“There are three kinds of lies: lies, damn lies, and statistics.”
While the source of the axiom is widely debated, the sentiment is just as widely accepted. While survey research relies heavily on statistics, our team, both robot and human, can all agree that a graph doesn’t always tell the whole story.
Polls and surveys rely on collecting accurate data from real, live human beings who understand our questions and respond with their real-life experience or opinions. But as we know, to err is human, and apparently, to err is also bot. Bot farms and professional survey takers have become increasingly prevalent in the internet age, allowing those behind the screen a cheat code to instant rewards. Bot farms have infiltrated the panel industry, and some estimates put the volume of fraudulent responses at 25% or more. While rewards and incentives are great motivators, participants often develop assumptions about survey objectives and attempt to answer what they assume companies want to hear, creating a dishonest response. Of course, the most obvious struggle in data collection is good, old-fashioned misunderstandings. Respondents are bound to click the wrong box, misinterpret the question, or lose focus throughout the survey. So how can we anticipate these user errors and increase our chances of collecting representative data?

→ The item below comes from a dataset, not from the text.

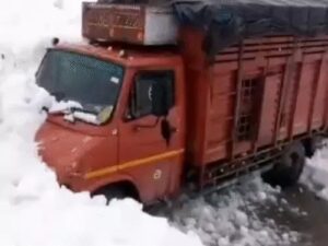 . एक पिकअप का शीशा टूटने से अंदर तक बर्फ भर गई।
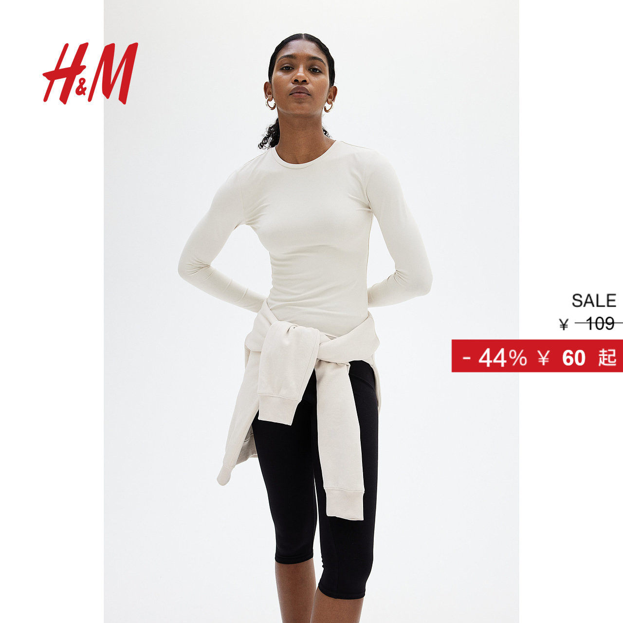 HM女装T恤冬季弹性圆领修身舒适休闲长袖款打底衫内搭上衣1191700

We work with Lucid Marketplace, where experts behind the scenes monitor suspicious activity within their panel referrers. But we don’t stop there. We’ve implemented CleanID, a software solution from Opinion Route that works to eliminate irrelevant IP addresses, IP addresses from chronic survey-takers, and inconsistent data. Suspicious responses are automatically flagged, and completed surveys are rated on a 1-100 score for fraud. Accepted surveys generally include anyone with a 1-25 score. While the program is not without flaws, the scoring system allows team members to override CleanID and lets us better determine what factors might contribute to a valid respondent being flagged. Finally, within our own system, post-processing of the data will automatically look for and delete “speeders” (those who complete surveys unrealistically fast), and “straight-liners” (those who hold down the 1 key or select the top answer on every question). Beyond this, we build bot traps into every survey. These consist of quality control questions specifically designed to be impossible for a bot to answer correctly. These can be scattered throughout the questionnaire.

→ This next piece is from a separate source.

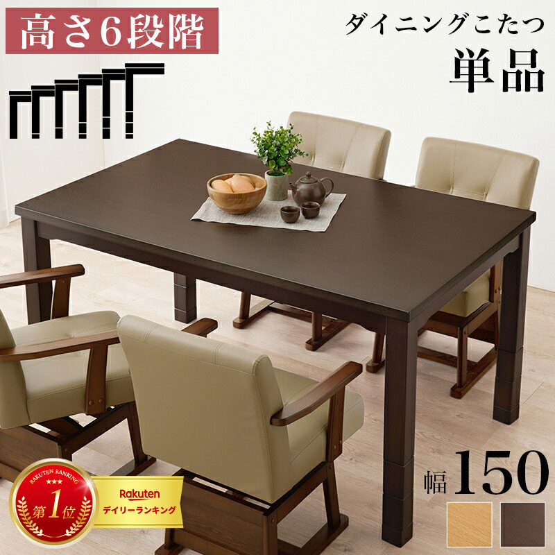 ダイニングコタツ こたつテーブル 幅150 ハイタイプ 高さ調節 木製 長方形 ダイニングテーブル ダイニングこたつ ナチュラル ダークブラウン シンプル 北欧 カントリー 和モダン 食卓テーブル 高さ調整

From the therapist’s lips to the market researcher’s ears, communication really is key. Regular survey-takers have learned that a lack of familiarity with a product can often lead to automatic termination. So, they tend to say they use a product or know it well, even if they only have minimal awareness of the brand. This “yes-bias” can often be hard or impossible to monitor automatically. This can be countered by informing participants when they have completed all screening questions. A brief congratulations informing the respondent that they have met the criteria and there are no right or wrong answers may deter any tendencies toward false affirmations. When surveying about rare brands or products, we may verify the response by looping back and asking, “are you sure?” Another helpful tool is adding a red herring in the form of a non-existent brand or option to serve as further quality control.

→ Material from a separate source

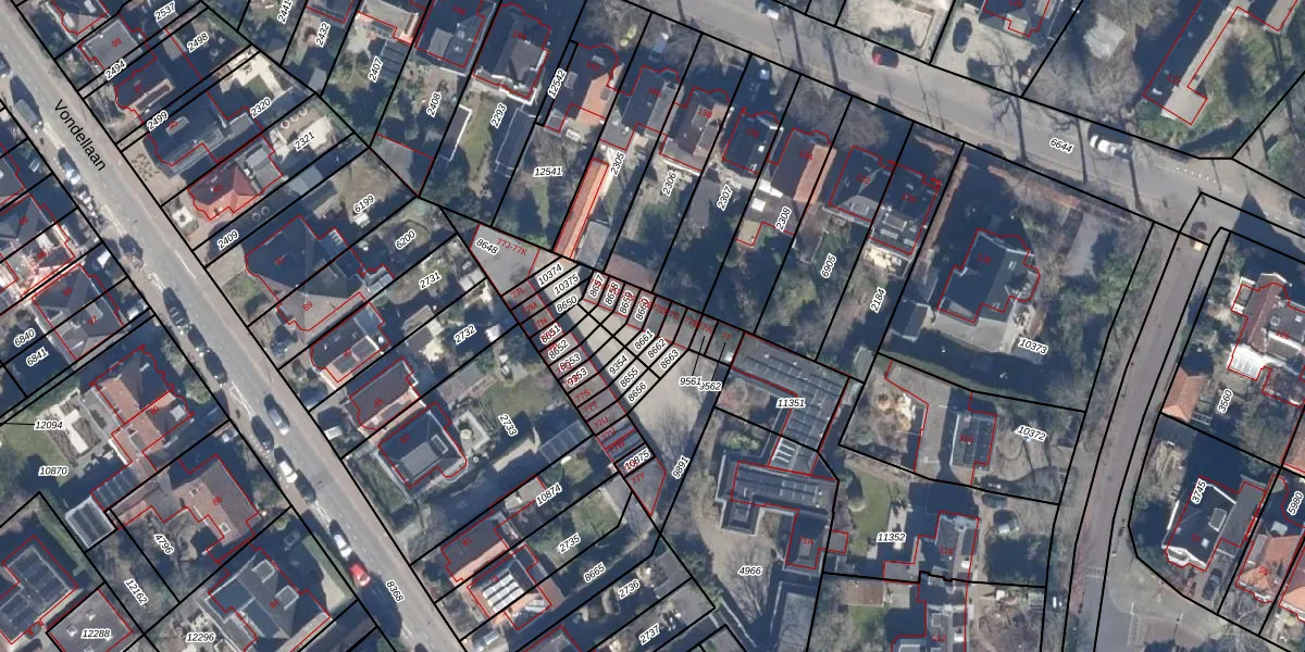 Het perceel waarop Vondellaan 77-D staat heeft een oppervlakte van 26 m². Dit is een klein perceel. De perceeloppervlakte wordt geregistreerd door het Kadaster. Gedetailleerde informatie over de maten van dit perceel kunt u vinden in het rapport Kadastrale kaart met maatvoering van Vondellaan 77-D.

Invalid responses are not always devious or intentional. Browser settings, short attention spans, and brand confusion can all contribute to less trustworthy data. For surveys using video, we add video checks into our screening process, asking follow up questions to identify video and audio cues. This allows the respondent to make sure their audio is working, and their browser settings will allow video play. When battling for attention, randomization and random flips are a researcher’s best friend. While options like “don’t know” or “other” remain in a fixed position, the changing order allows the participant to view lists and scales with fresh eyes. Brand confusion can also play a major role in data collection. If a brand name is similar to another product, it may be helpful to specify what you are not referring to. This can be hard to anticipate, but when caught, can make a world of difference.
Data checks and quality control are vital tools in the researcher’s toolbox. Implemented together, these methods can all be utilized to improve your data quality. Automation is there to help, but human eyes and gut instincts often play an important final role in data collection. With a little humanity, our robot friends can go much farther in assisting us with high-quality, accurate survey research.